Question

Whole genome species clustering

1

Entering edit mode

4.2 years ago

robert.murphy ▴ 110

I am working with a poorly defined genus of fungi with very few publicly available genomes and I am wanting to cluster the all available ones plus my novel ones into putative species. I am unsure of a good workflow for this.

Would it be better to current phylogenetic workflows of multiple sequence alignment and tree construction and then based on some phylogenetic distance threshold cluster the genomes into species?

OR

Would some form of multiple sequence analysis (with Busco datasets for example) or core genome analysis (with Roary) where we take SNP differences between the MLSA sequences or core genomes and then based on a SNP count threshold cluster the assemblies into putative species?

I apologies if this is a naive question but any help would be appreciated.

phylogeny assembly phylogenetics • 2.2k views

ADD COMMENT • link updated 21 months ago by pmiller ▴ 10 • written 4.2 years ago by robert.murphy ▴ 110

1

Entering edit mode

What is your ultimate aim? Are you looking to see which of established species your sample is closer to?

This appears to be a useful paper.

ADD REPLY • link 4.2 years ago by GenoMax 152k

0

Entering edit mode

Yes that would be part of the goal. The genus is Termitomyces which have very few clearly labelled species on NCBI.

We are mining the genomes for secondary metabolite production so it would be nice to at least have species clustering, if not knowing the exact species name our assemblies belong to so we can identify any patterns of secondary metabolite production. I will check this paper out thanks.

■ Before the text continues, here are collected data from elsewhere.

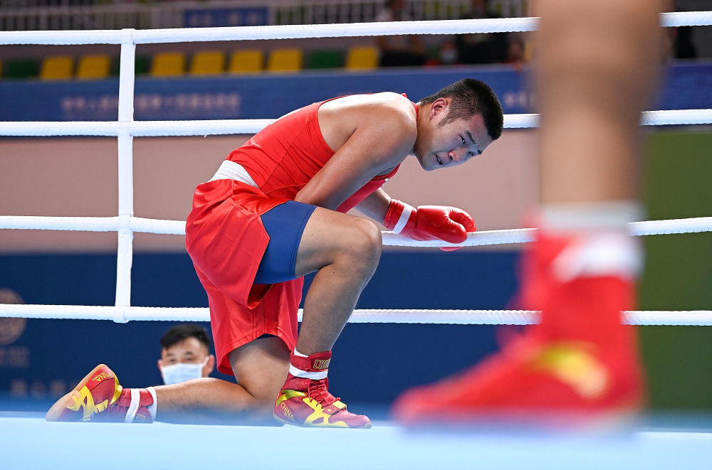↑2021年9月16日,云南隊選手山?。ㄗ螅┡c陜西隊選手阿卜杜熱伊木·麥麥提在男子63公斤級半決賽中。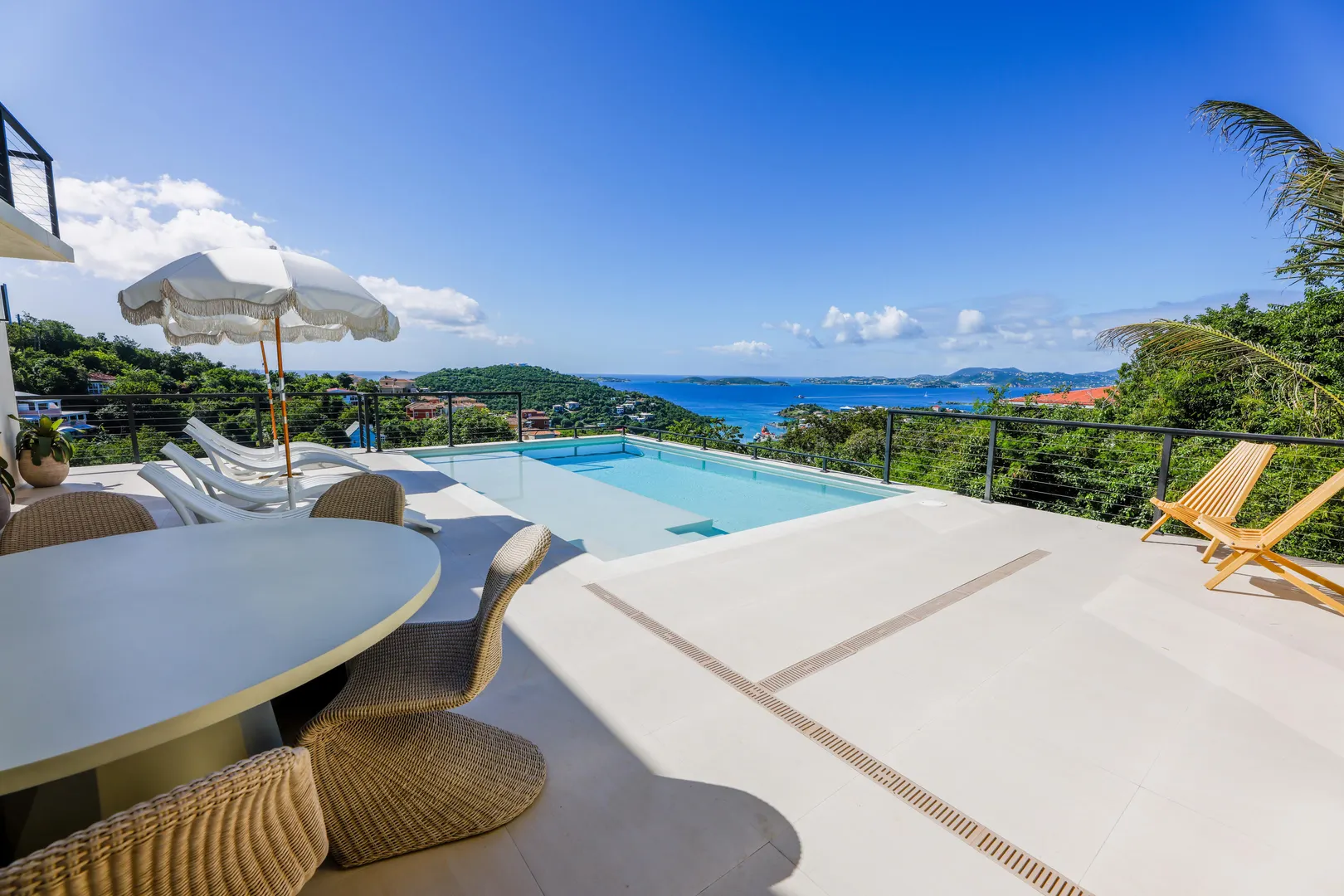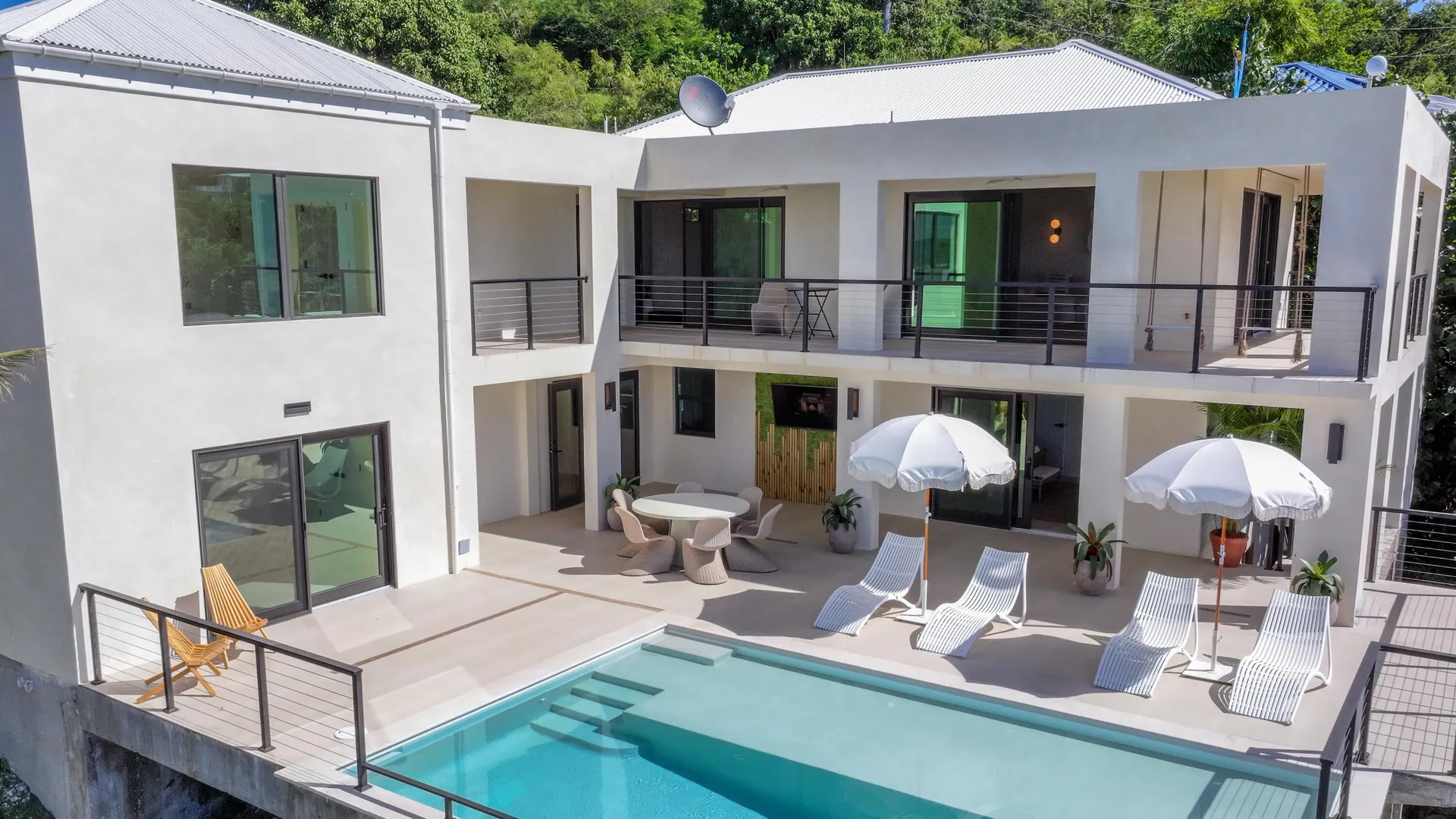 Nestled on a scenic hillside above Cruz Bay, SALTY ALIBI boasts panoramic sunset views and captures the essence of luxury living. This brand-new villa features 5 spacious bedrooms (4 kings + a bunk room), designer interiors, and breathtaking ocean vistas. Its proximity to vibrant Cruz Bay town creates an unparalleled oasis. With numerous rentals already secured for the upcoming season, this profitable investment property is truly exceptional. Enjoy low maintenance property with everything brand new, including solar panels and batteries for eco-friendly living. Salty Alibi proves to be a smart investment that pays for itself. Welcome to your dream home!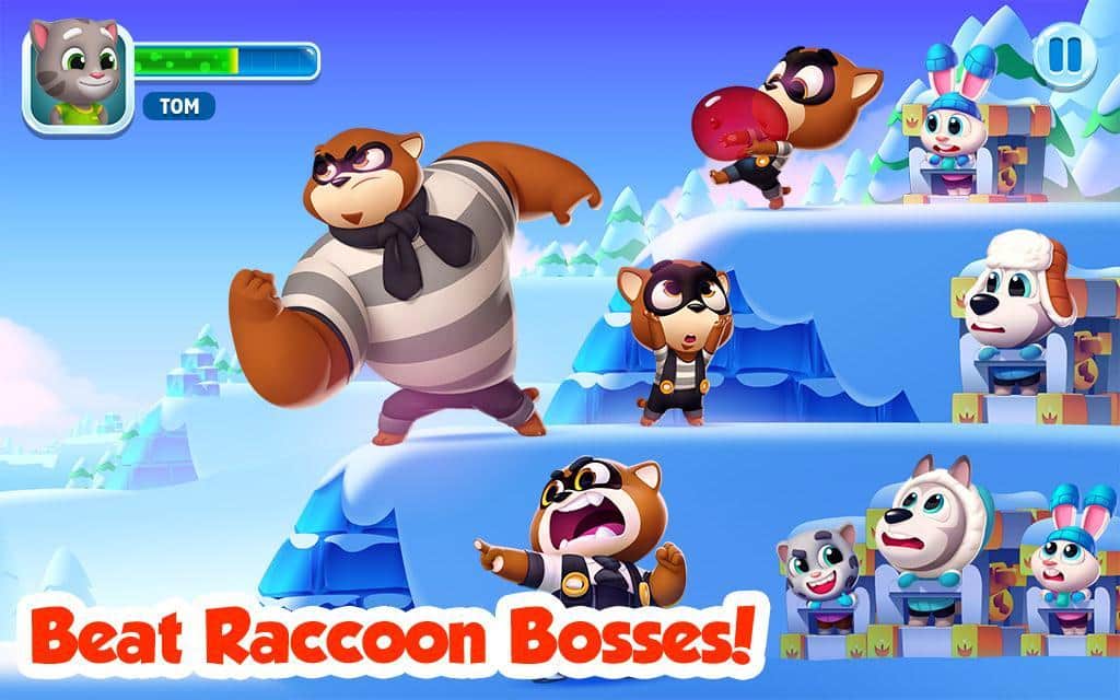 Talking Tom es un personaje digital popular que ha conquistado a los jóvenes jugadores y a sus padres. Como consecuencia, los proyectos de juegos con su participación aparecen con sorprendente regularidad. Y aquí tenemos otro juego de la serie, esta vez tú y Tom, junto a sus amigos, deben luchar contra los astutos mapaches. Los desarrolladores utilizaron mecánicas familiares, los gráficos habituales y una historia simple pero fascinante.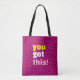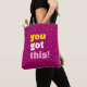 This stylish and inspiring tote bag features a vibrant fuchsia background with an eye-catching black spiral design that adds a sense of dynamic energy. A colourful, pop-art style message in bold, playful letters spells out "You Got This!", offering a daily dose of motivation wherever you go.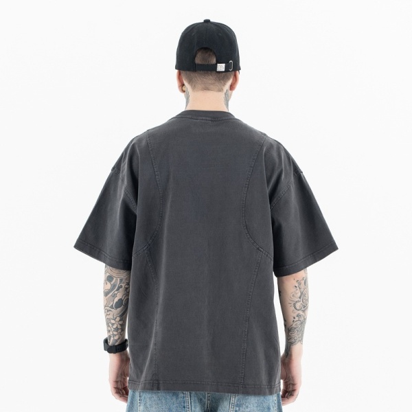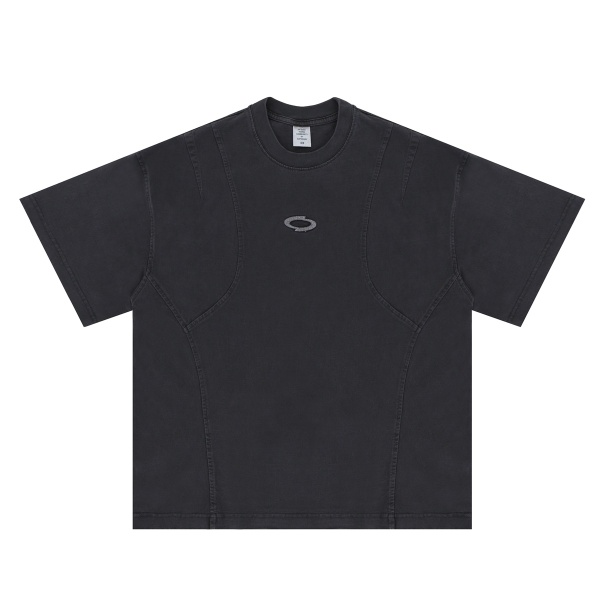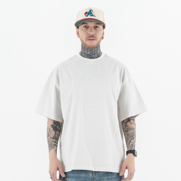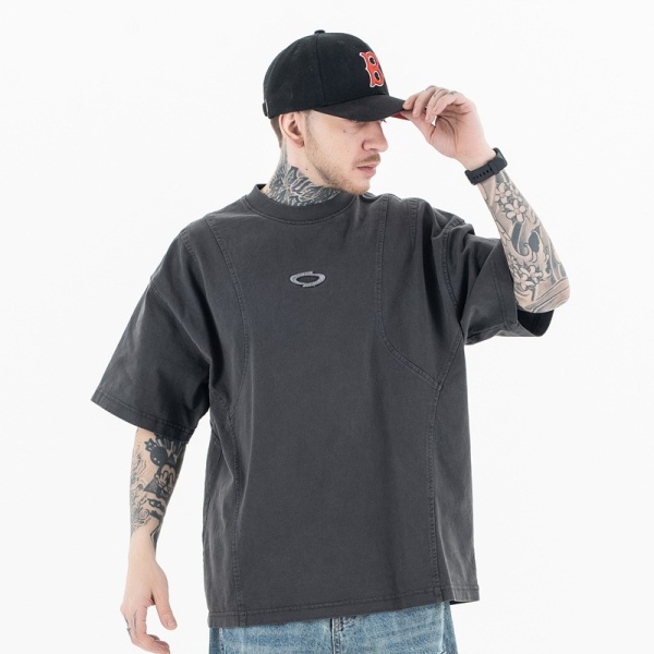 澜海男装2025春夏新品潮牌美式小logo刺绣洗水纯色百搭短袖T恤男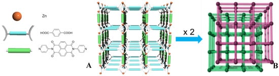 (A) Illustrative representation of one of the two identical frameworks that compose the [Zn2(bdc)2(dpNDI)]n MOF indicating its different components; (B) an schematic representation of the interpenetration of the two identical frameworks.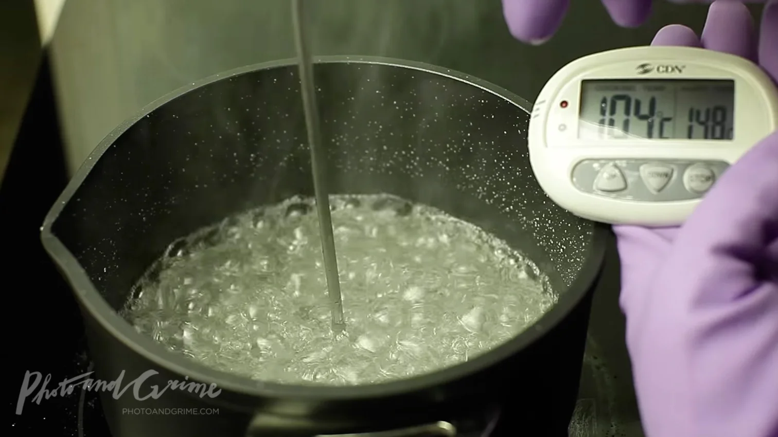 The tools you need for this lightsaber recipe are a pan, stove, spoon, heat resisting cooking gloves and a probe-thermometer.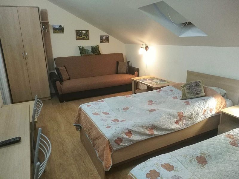 Трехместная комната с двумя односпальными кроватями 90*200 и раскладывающимся диваном 110*190, находится на 2-м мансардном этаже.
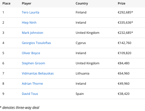 La vittoria di Laurila è stata caratterizzata da un deal con l’irlandese Hiep Ninh (runner-up) e il britannico Mark Johnston (terzo), entrambi giocatori praticamente sconosciuti nell’ambito dei tornei live. Il deal non inficia però la bontà del risultato del finlandese, ottenuto tra l’altro nel più affollato Irish Open ME di sempre, semplicemente ha ridotto il suo payout.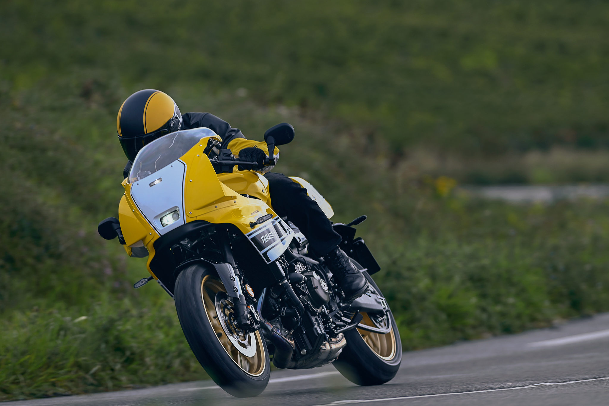 Le cadre Deltabox en aluminium, dérivé de la MT-09, a été retravaillé pour une rigidité accrue. La suspension est confiée à des éléments KYB entièrement ajustables, avec une fourche inversée de 41 mm et un amortisseur relié par biellettes. Les freins Brembo à double disque avant de 298 mm assurent une puissance de freinage de bon niveau sans être celle d’une sportive. La position de conduite a elle aussi été revue : un guidon semi-bracelet, une selle en deux parties et un carénage enveloppant plongent le pilote dans une ambiance de course des années 80, sans compromettre le confort.
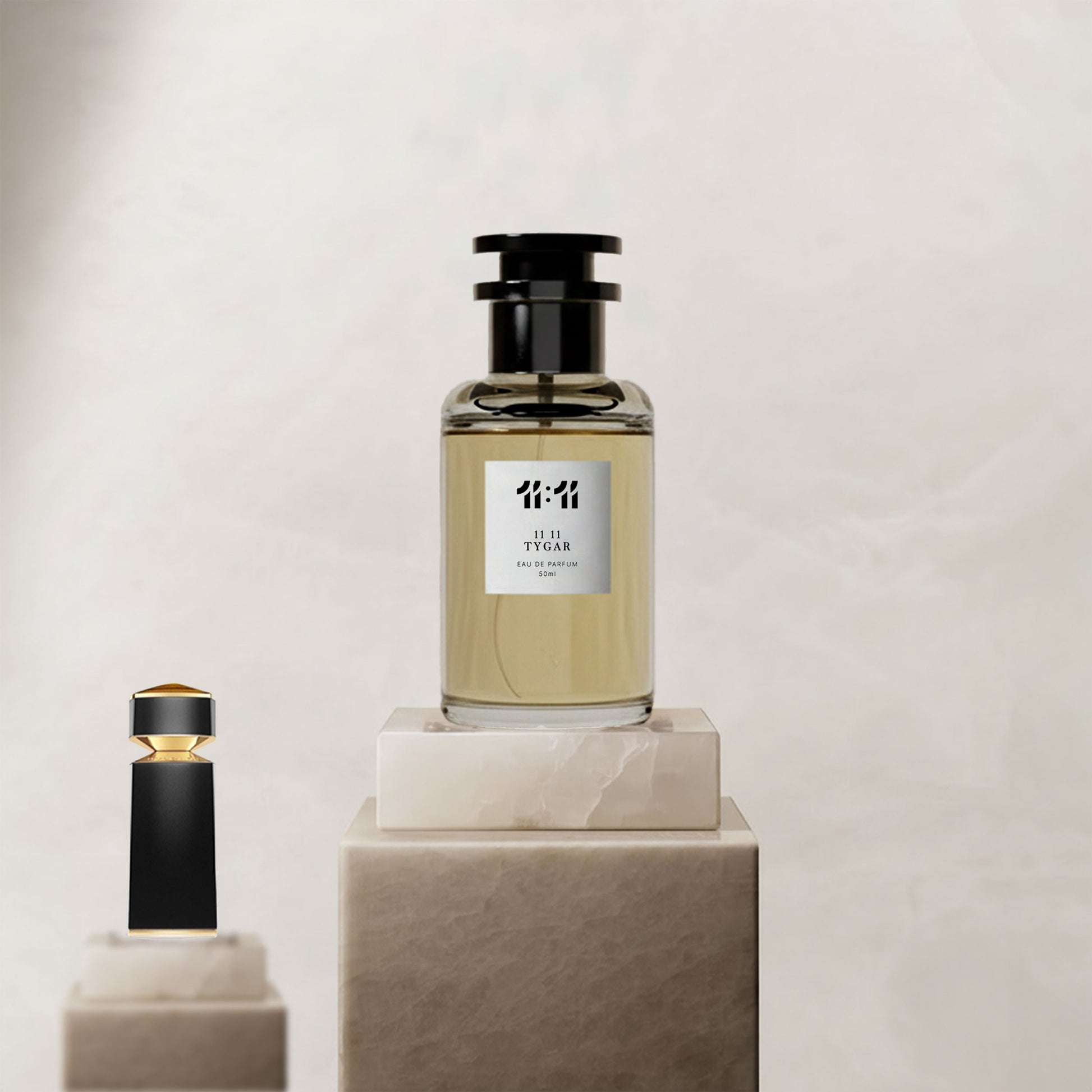 11 11 Tygar is a vibrant and magnetic fragrance that blends sparkling citrus, warm amber, and earthy woody notes. This bold and radiant scent embodies energy and charisma, perfect for those who dare to stand out.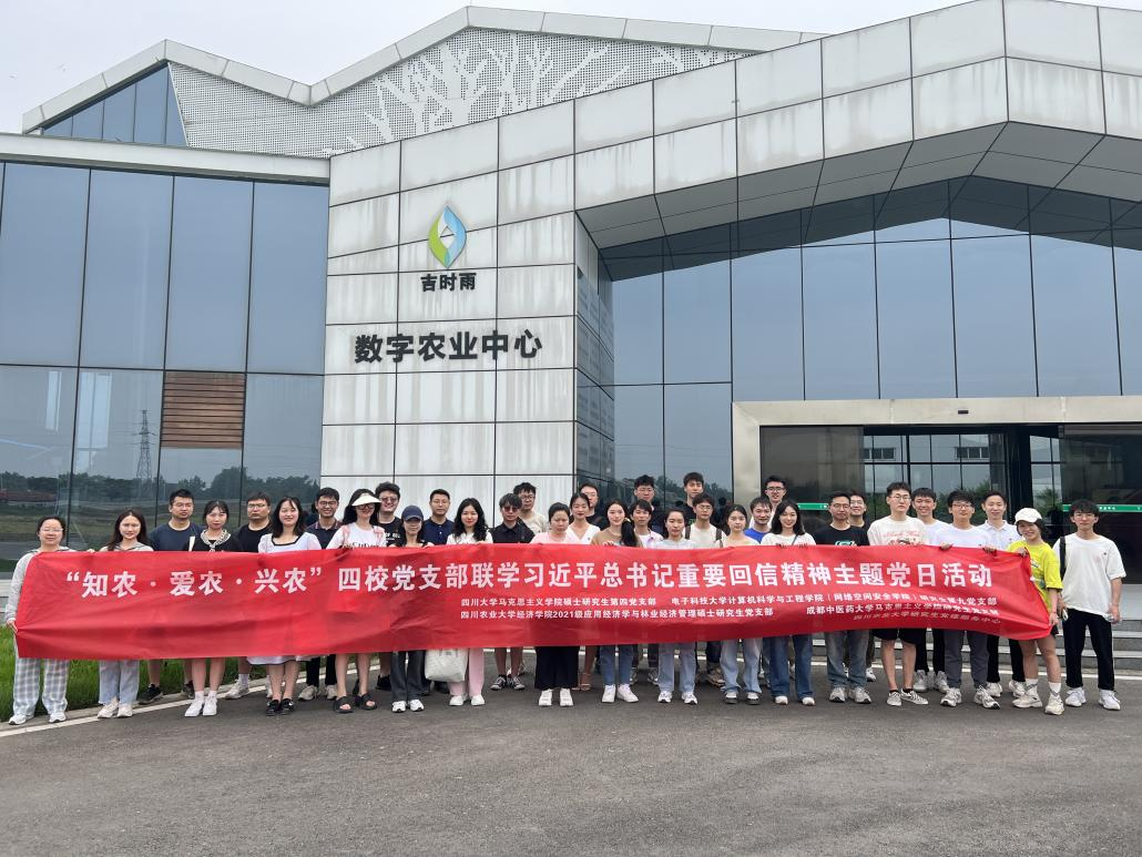 5月20日,由学校研工部指导、研究生党建服务中心承办的“知农·爱农·兴农”四校研究生党支部联学习近平总书记给中国农业大学科技小院的同学们回信精神主题党日活动举行。冰球官网2021级应用经济学与林业经济管理硕士研究生党支部、四川大学马克思主义学院硕士研究生第四党支部、电子科技大学计算机科学与工程学院研究生第九党支部、成都中医药大学马克思主义学院研究生党支部共40余名学生党员参加。

Along with that I want to display annotation statistics and repeat region statistics on a by species basis to see if within putative species has the same patterns.

I should note that my novel assemblies and as far as I am aware all other assemblies for the genus are draft genomes.

ADD REPLY • link 4.2 years ago by robert.murphy ▴ 110

0

Entering edit mode

Sorry for necrotizing this, but do you know if trees consturcted using the whole-proteome FFP method are still optimal over tree based on other distance metrics?

ADD REPLY • link 3.8 years ago by robert.murphy ▴ 110

score 6 · Accepted Answer · 2021-04-21

I don't think there is a "best" approach in your situation, given

1) the taxonomy of the group is probably still flaky.

2) being draft genomes, they probably are spotty and have sizeable gaps, and maybe even contaminants. Repeat regions are often left out of such assemblies.

Actually, a good workflow would perform different types of analyses, in order to get a more complete and solid overall picture about the genus. Some suggestions:

ReferenceSeeker will give you the closest species, in terms of kmer (min-hash) distances and average nucleotide identity (ANI). You can easily find if there are some really close genomes with it.

Mashtree uses the same kmer (min-hash) distances to group genomes in a dendrogram. The authors don't consider this dendrogram a phylogeny, but I think this dendrogram probably reflects the phylogenetic history of the genomes, anyway. Thus, it may complement a more traditional core genome phylogeny. Whole genome alignments probably aren't a good option, unless all genomes are really close (and, I would argue, also really high quality). Mashtree works as a substitute for whole genome alignments.

A core genome phylogeny would complement the above analyses (but I don't think Roary works for fungal genomes). As there aren't many genomes available, you can get a SNP-based phylogeny, or even a maximum-likelihood or Bayesian phylogeny with all genes concatenated. Running the same version of BUSCO on all genomes would also give a good dataset for a phylogeny, in addition to informing on the overall quality of the genomes.